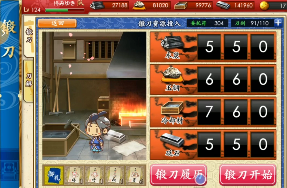 数珠丸可在游戏里通过普通锻刀获取,锻造公式建议采用四种资源各950,再加上一个富士绘马。它的锻造时间是刀剑乱舞游戏里最长的,得花十个小时来锻造。
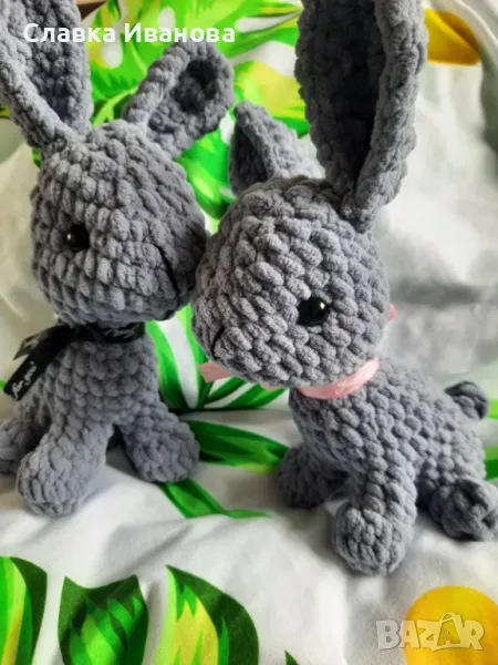 Плетено зайче на една кука в реалистична форма, високо около 25 см. Налични 2 броя в сив цвят. Цена за 1 бр. - 50лв., за 2 броя - 90лв.
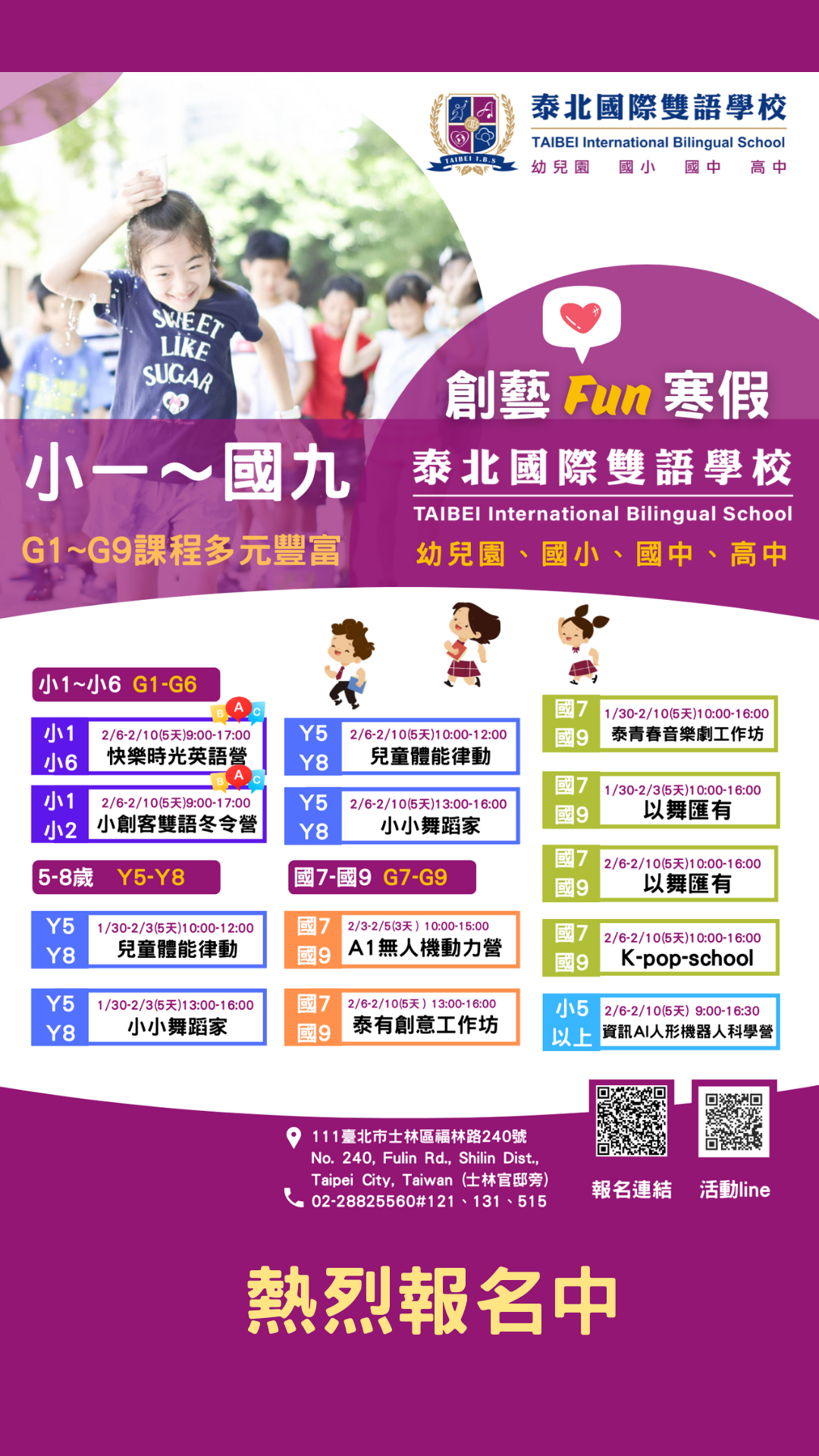 一、為了讓國小五六年級的學生與家長更能了解本校國中部的 辦學內容,於111年12月17日起至112年3月25日(星期六)止,辦理新生體驗營暨家長說明會。說明會報名方式可至 本校招生專網預約報名 ( https://reurl.cc/Rb9gpe )或撥 打招生專線電話報名( 02-28830972;28825560分機 215、 121)。
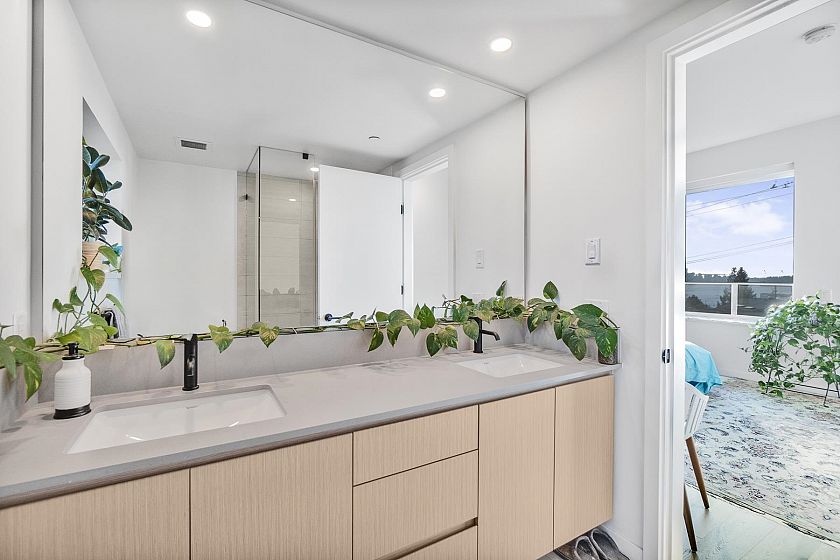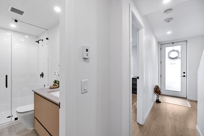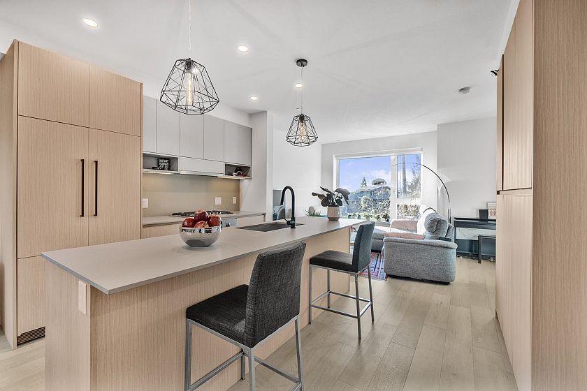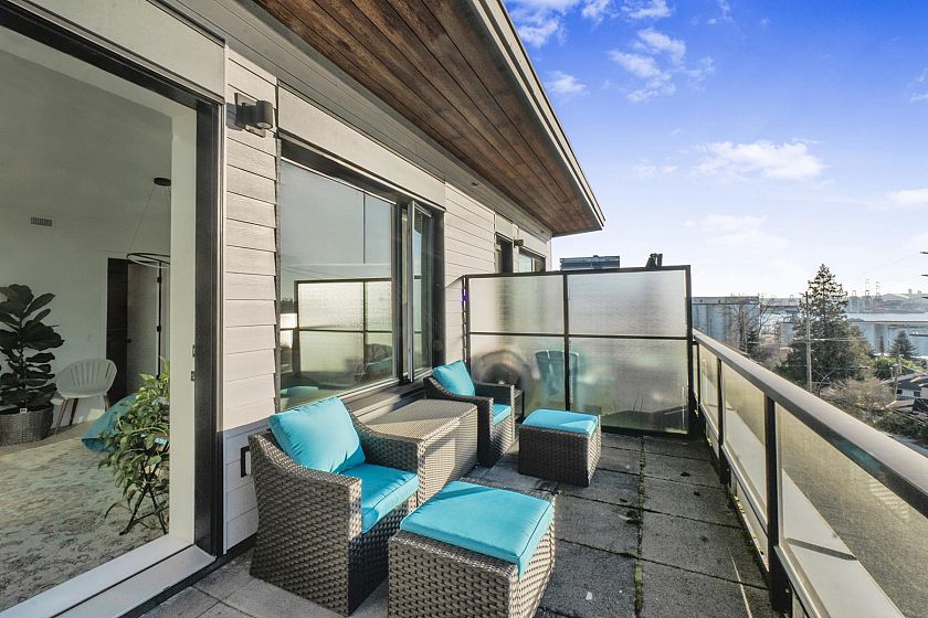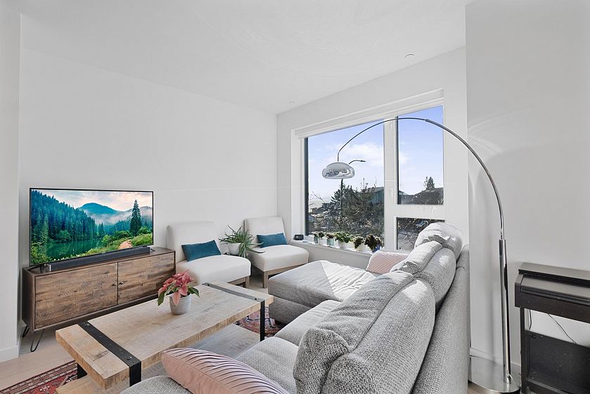 Stunning south-facing city and ocean views in sought-after Moodyville at Founders Block South by Anthem, a quality LEED-certified concrete building. Offering over 2,000 sq ft of interior living space, this spacious residence features 4 bedrooms plus a den, 3 full bathrooms, and three outdoor spaces, including an impressive 450+ sq ft private patio with natural gas, ideal for entertaining. The Scandinavian-inspired interior showcases a bright, modern design with n-floor radiant heating throughout and an HRV system for year-round comfort. Enjoy the convenience of direct access to two secure covered parking stalls and a storage locker. Ideally located just a 5-minute walk to Moodyville Park and 15 minutes on foot to the Shipyards, Seabus, and Lower Lonsdale's vibrant shops, restaurants.
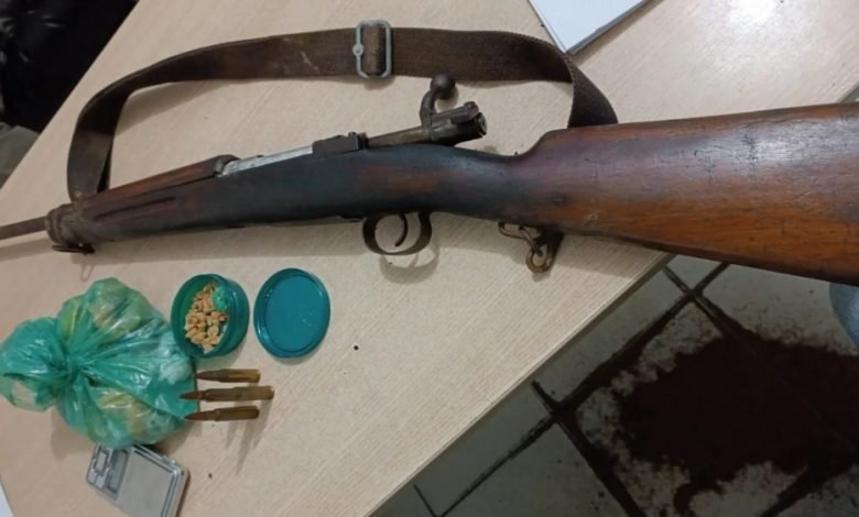 Um suspeito de comercializar drogas foi flagrado com um fuzil na orla Ilha da Crôa, em Barra de Santo Antonio. O acusado ainda tentou abandonar o armamento para fugir do flagrante.
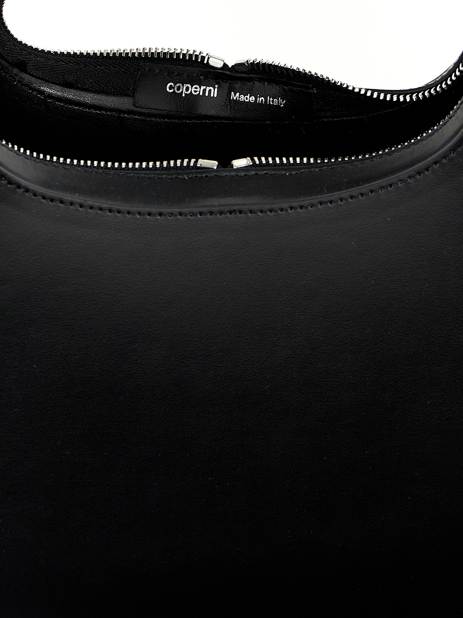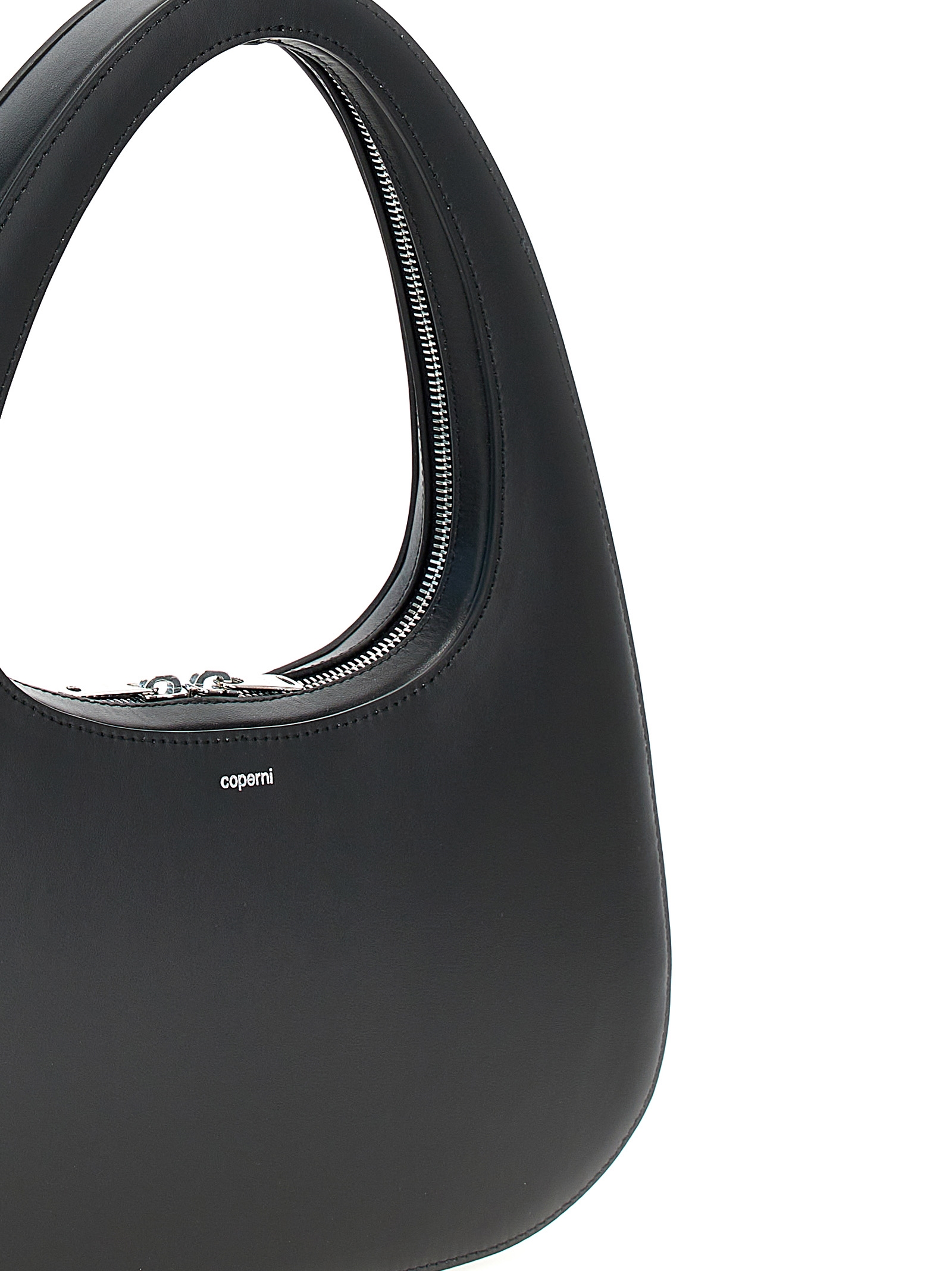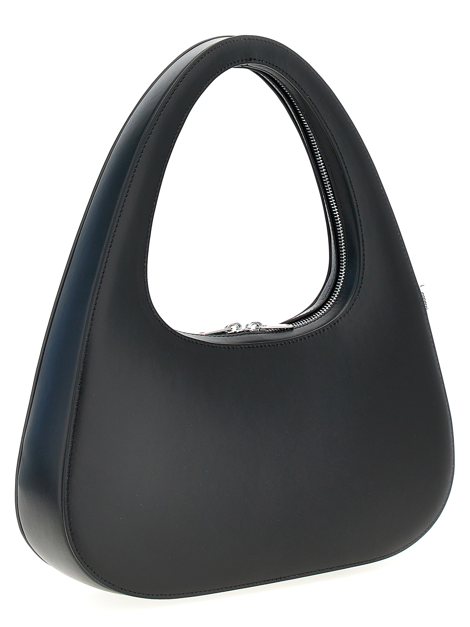 ‘Large Swipe’ leather handbag with zip closure, front embossed logo.mbossed logo.

◆ ◆ ◆ ◆ ◆

Please reproduce, word for word, every line from the first line of the records above through the line containing "02-28830972;28825560分機 215、 121)。", and leave out the pictures.

**TASK RESULT:**
 数珠丸可在游戏里通过普通锻刀获取,锻造公式建议采用四种资源各950,再加上一个富士绘马。它的锻造时间是刀剑乱舞游戏里最长的,得花十个小时来锻造。
 Плетено зайче на една кука в реалистична форма, високо около 25 см. Налични 2 броя в сив цвят. Цена за 1 бр. - 50лв., за 2 броя - 90лв.
 一、為了讓國小五六年級的學生與家長更能了解本校國中部的 辦學內容,於111年12月17日起至112年3月25日(星期六)止,辦理新生體驗營暨家長說明會。說明會報名方式可至 本校招生專網預約報名 ( https://reurl.cc/Rb9gpe )或撥 打招生專線電話報名( 02-28830972;28825560分機 215、 121)。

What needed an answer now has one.